Anthem CEO and President Joe Swedish this week warned that the company could reconsider its presence on the Affordable Care Act exchanges for 2018 if the financial results of the product are as disappointing as current third quarter earnings show.
For its third quarter, Anthem's profit fell 6 percent to $617.8 million, from $654.8 million in the third quarter of 2015.
While medical enrollment grew in most sectors, it fell in the exchange business. Membership in ACA-compliant products and operating margins have been below original expectations since 2015, Swedish said.
"We will continue to closely monitor this business, and if we do not see clear evidence of an improving environment and a path toward sustainability in the marketplace, we will likely modify our strategy in 2018," Swedish said during Wednesday's earnings call. "We believe both the pricing and regulatory environment need to be improved to drive toward a sustainable and affordable marketplace over the long term."
Anthem has taken actions to return to slight profitability in 2017, Swedish said.
"Clearly, 2017 is a critical year as we continue to assess the long-term viability of our exchange footprint," he said. "We continue to expand higher than initially expected costs from members with chronic conditions, as we've discussed with you previously."

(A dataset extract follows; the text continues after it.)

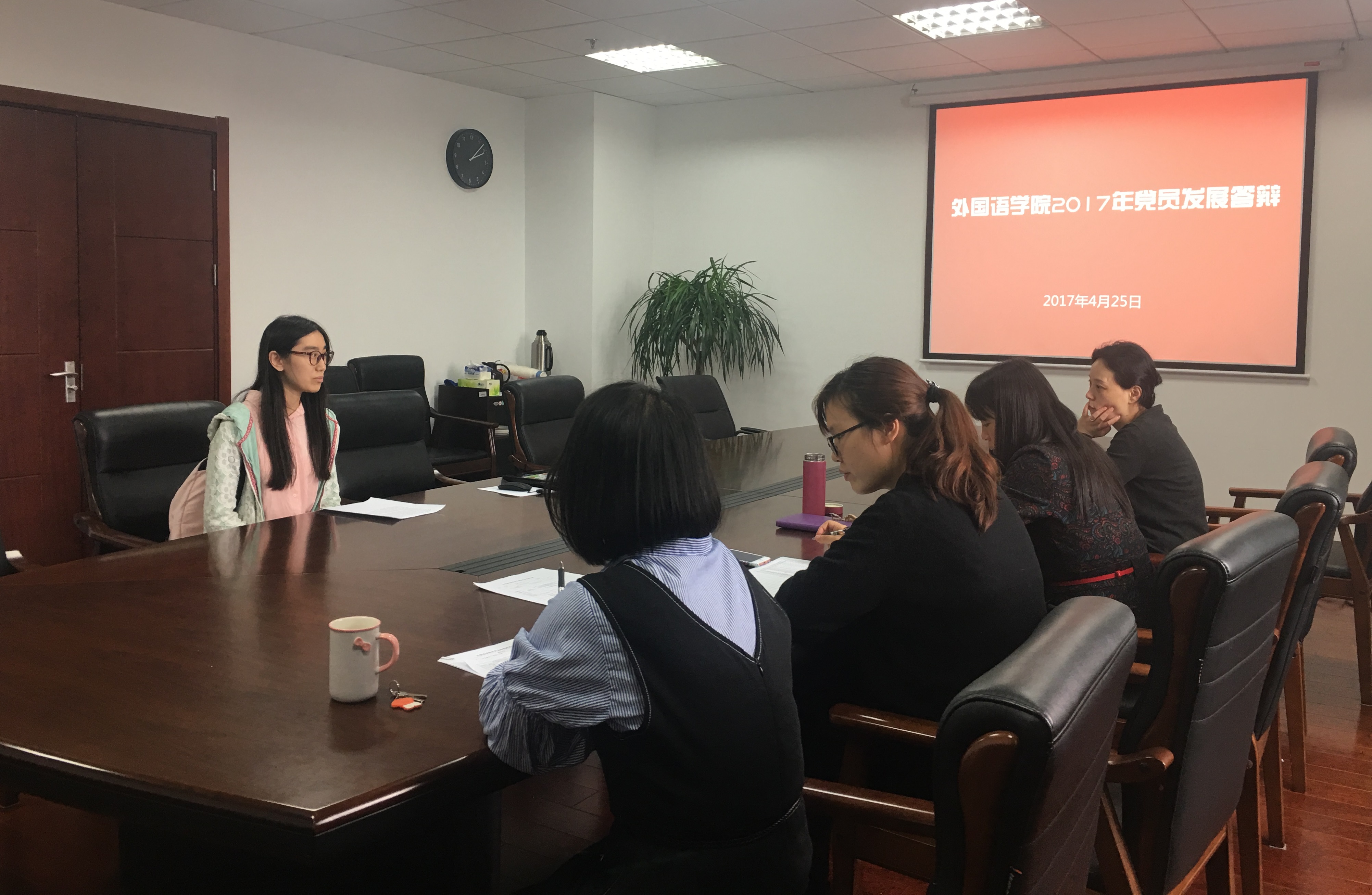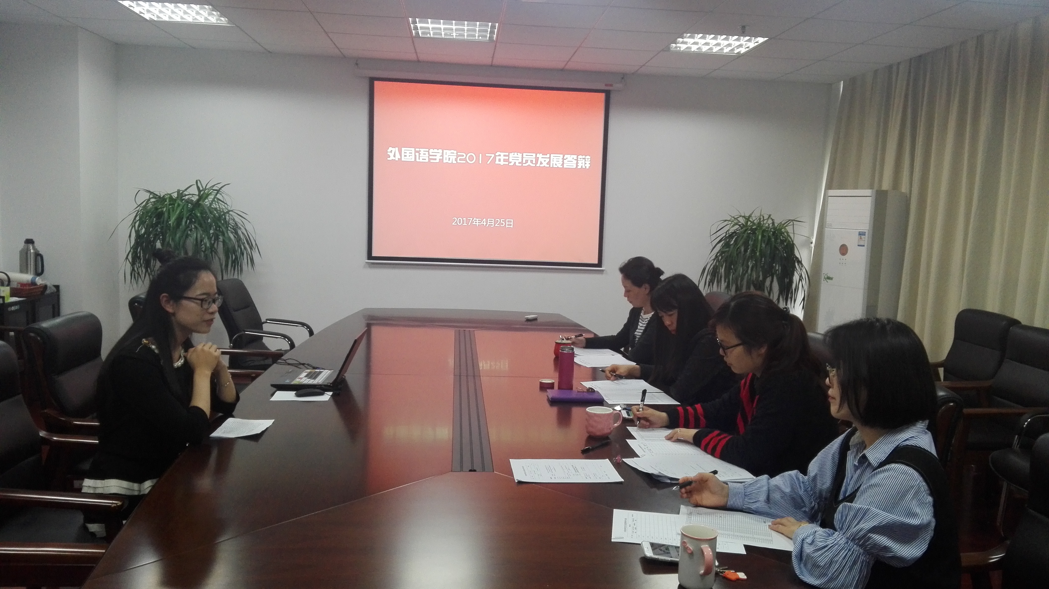 为了进一步了解入党申请人的基本情况,深化“两学一做”学习教育成效,根据《中国共产党章程》和《中国共产党发展党员工作细则》的相关要求,我院于4月25日下午,在行政楼611召开了2017年上半年党员发展答辩会,院党委副书记朱志梅、办公室主任兼两办支部书记吴桦、本科生辅导员王璐、组织员赵青青出席本次答辩会。

At the start of 2016, Anthem's membership on the ACA exchange market was 30 percent below expectations, according to its first quarter report. Going into 2016, the company expected a decline of another 300,000 members.
Anthem indicated then that things must change, including pricing, in the volatile market, where it had exchange products in 14 states.
Other medical enrollment is doing well, increasing by approximately 1.3 million members in 2016, or 3.4 percent, totaling approximately 39.9 million members as of September 30. Anthem said it expects medical enrollment to grow by 1.05 to 1.25 million members for the full year.
Third quarter earnings were consistent with expectations, according to John Gallina, executive vice president and chief financial officer.
"Our third quarter results reflected our focus on improving affordability for our members and capitalizing on growth opportunities across our businesses. The strong membership growth across the majority of our lines of businesses this year is further testament to the value proposition we bring to the marketplace," Swedish said.